Exercise goal:
Beginning with the line that includes "产品特点:E-20是针对透明" and ending with the last line of the entries below, set down each line exactly; include no pictures.

START Source data

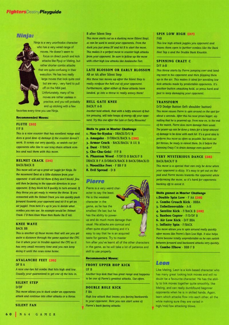 es solutions du jeu Fighters Destiny sur Nintendo 64
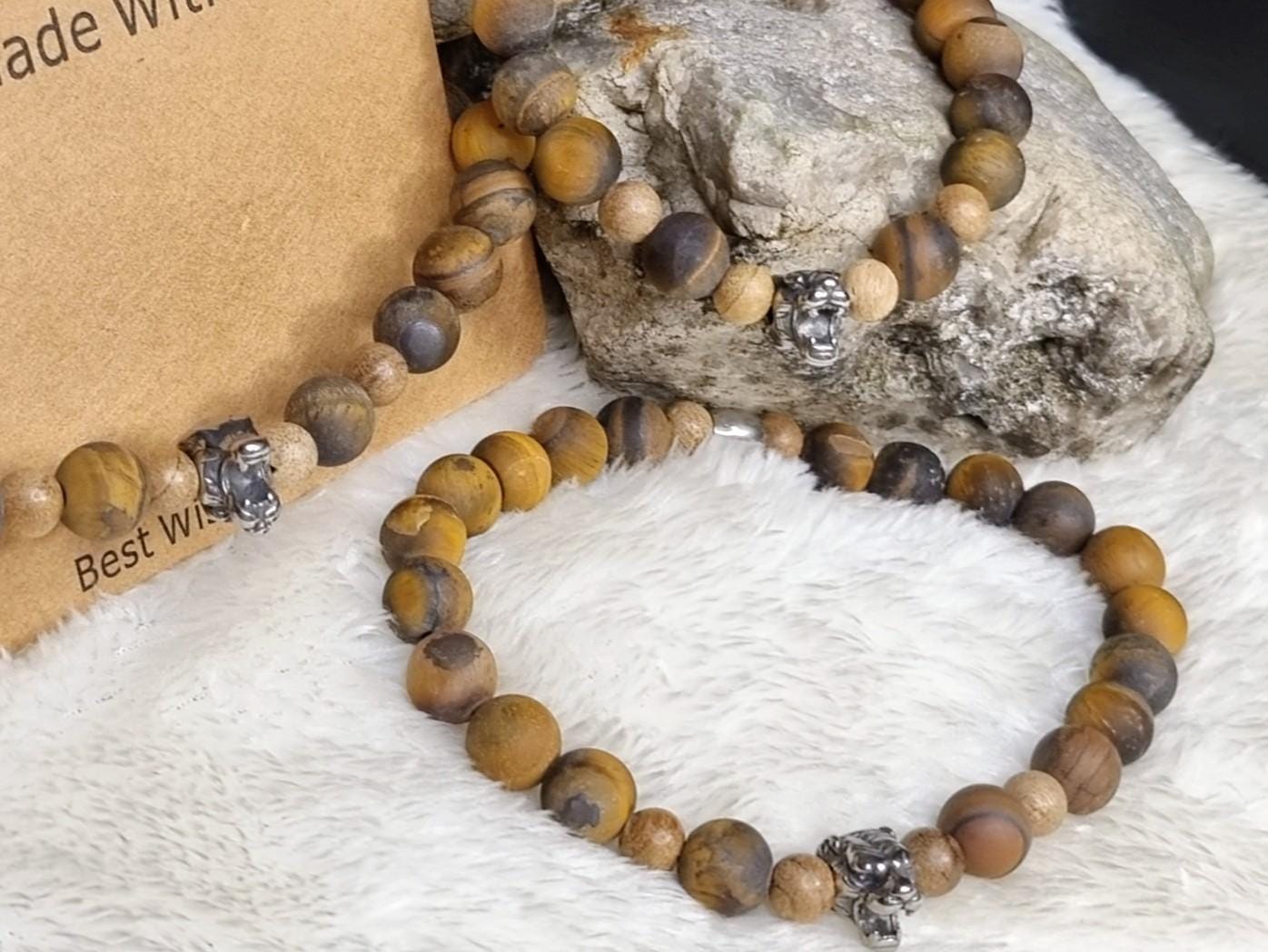 • Tiger's eye: frost-matte, yellow-brown, semi-precious stone
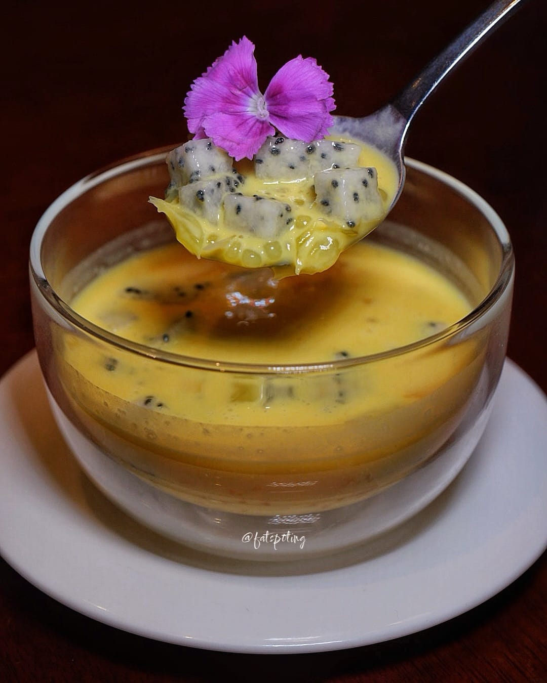 Concluding the meal is the Chilled Puree of Mango Sago and Pomelo with Dragon Fruit. This dessert is both visually appealing and palate-cleansing, with the sweetness of mango puree complemented by the slight bitterness of pomelo and the subtle crunch of dragon fruit.
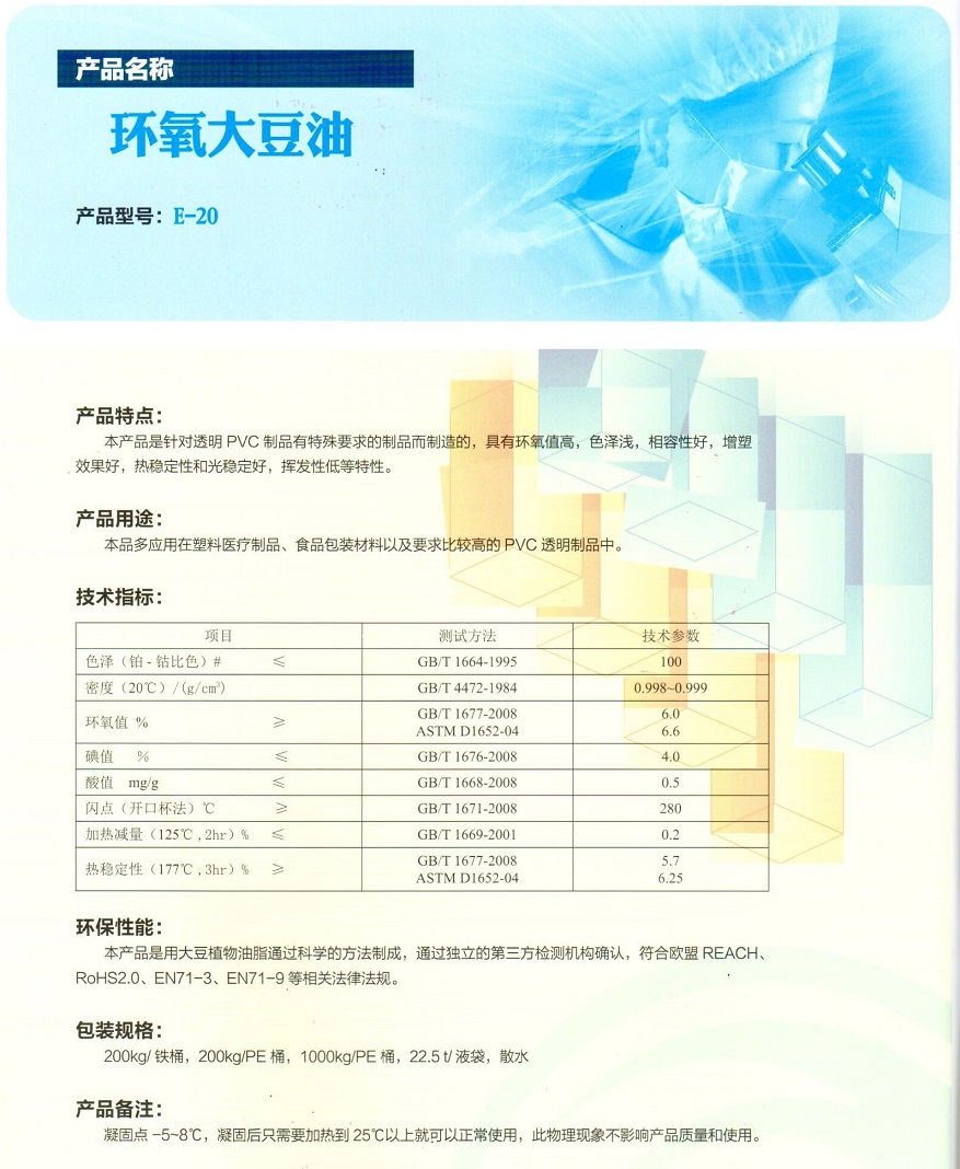 产品特点:E-20是针对透明PVC制品有特殊要求的制品而制造的,具有环氧值高,色泽浅,相容性好,增塑效果好,热稳定性和光稳定性好,挥发性低等特性。
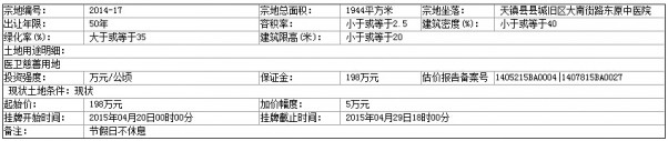 四、本次挂牌出让的详细资料和具体要求,见挂牌出让文件。申请人可于2015年03月31日至2015年04月27日 到天镇县国土资源局获取挂牌出让文件。
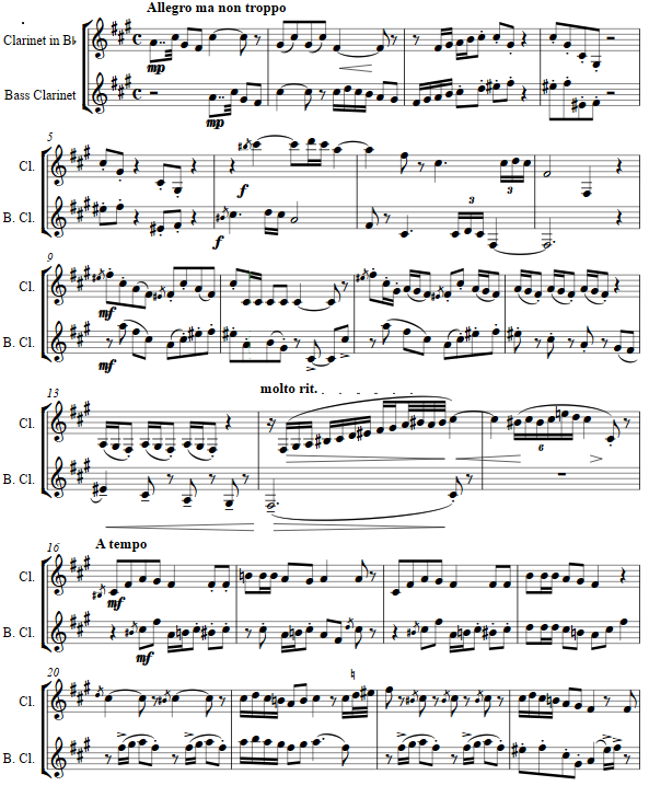 This duet for clarinet and bass clarinet takes two themes and weaves them together.
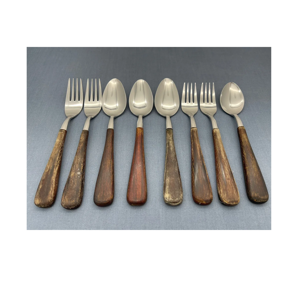 Brass Gold Plated Dessert Fork Spoon with Wooden Handle Mirrored steel Flatware Items at Reasonable Rate
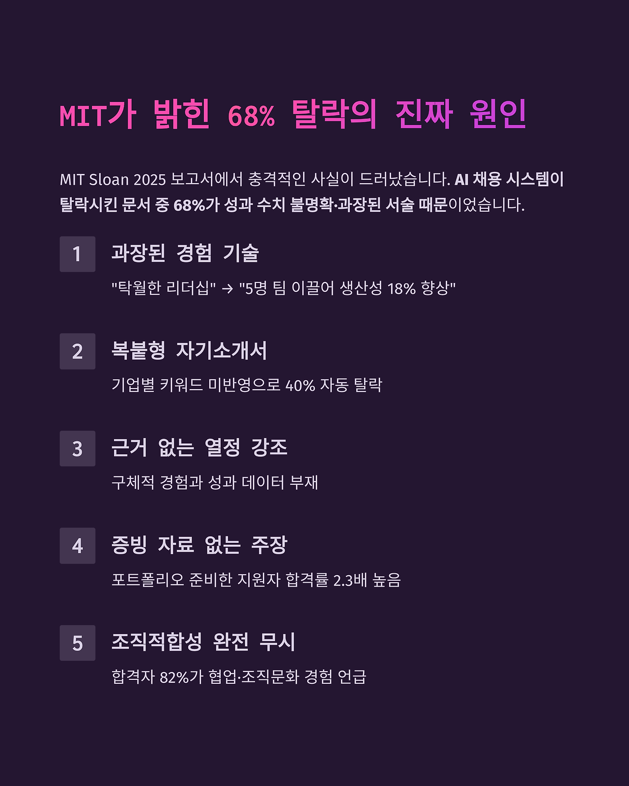 **"AI 채용 시스템이 탈락시킨 문서 중 68%가 성과 수치 불명확·과장된 서술 때문"**이었다는 거예요.
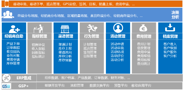 经销商自助平台:为经销商提供全面网络化自助管理平台,实现网上下单、订单跟踪、收货确认、网上对账、费用申请、库存上报全面管理。
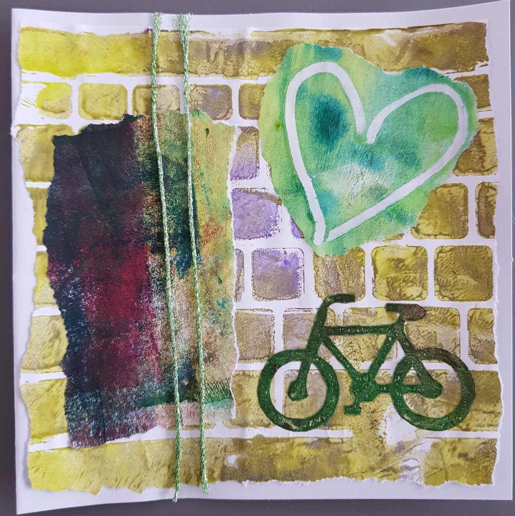 Dit is een collage van verschillende prints met het fietsje wat ik op een vorige kaart als masker gebruikt heb.
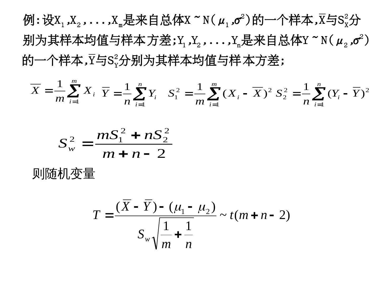 25 .例: 设XX 1 ,X 2 ,...,X m 是来自总体X ~ N(μμ1 ,σ2 )的一个样本 的,X 与S 2X 分 别为其样本 的均值与样本 的 方差;Y1 ,Y2 ,...,Yn是来自总体Y ~ N(μμ2 ,σ2 ) 的一个样本 的,Y 与S 2Y 分别为其样本 的均值与样 本 的方差; 1 m 1 n 1 m 1 n X Xi Y m i 1 n i 1 Yi S ( X i X ) S 2 (Yi Y ) 2 1 2 m i 1 2 2 n i 1 mS12 nS 22 S w2 mn 2 则随机变量 ( X Y ) ( 1 2 ) T ~ t ( m n 2) 1 1 Sw m n

END Source data

Solution for this problem:
 产品特点:E-20是针对透明PVC制品有特殊要求的制品而制造的,具有环氧值高,色泽浅,相容性好,增塑效果好,热稳定性和光稳定性好,挥发性低等特性。
 四、本次挂牌出让的详细资料和具体要求,见挂牌出让文件。申请人可于2015年03月31日至2015年04月27日 到天镇县国土资源局获取挂牌出让文件。
 This duet for clarinet and bass clarinet takes two themes and weaves them together.
 Brass Gold Plated Dessert Fork Spoon with Wooden Handle Mirrored steel Flatware Items at Reasonable Rate
 **"AI 채용 시스템이 탈락시킨 문서 중 68%가 성과 수치 불명확·과장된 서술 때문"**이었다는 거예요.
 经销商自助平台:为经销商提供全面网络化自助管理平台,实现网上下单、订单跟踪、收货确认、网上对账、费用申请、库存上报全面管理。
 Dit is een collage van verschillende prints met het fietsje wat ik op een vorige kaart als masker gebruikt heb.
 25 .例: 设XX 1 ,X 2 ,...,X m 是来自总体X ~ N(μμ1 ,σ2 )的一个样本 的,X 与S 2X 分 别为其样本 的均值与样本 的 方差;Y1 ,Y2 ,...,Yn是来自总体Y ~ N(μμ2 ,σ2 ) 的一个样本 的,Y 与S 2Y 分别为其样本 的均值与样 本 的方差; 1 m 1 n 1 m 1 n X Xi Y m i 1 n i 1 Yi S ( X i X ) S 2 (Yi Y ) 2 1 2 m i 1 2 2 n i 1 mS12 nS 22 S w2 mn 2 则随机变量 ( X Y ) ( 1 2 ) T ~ t ( m n 2) 1 1 Sw m n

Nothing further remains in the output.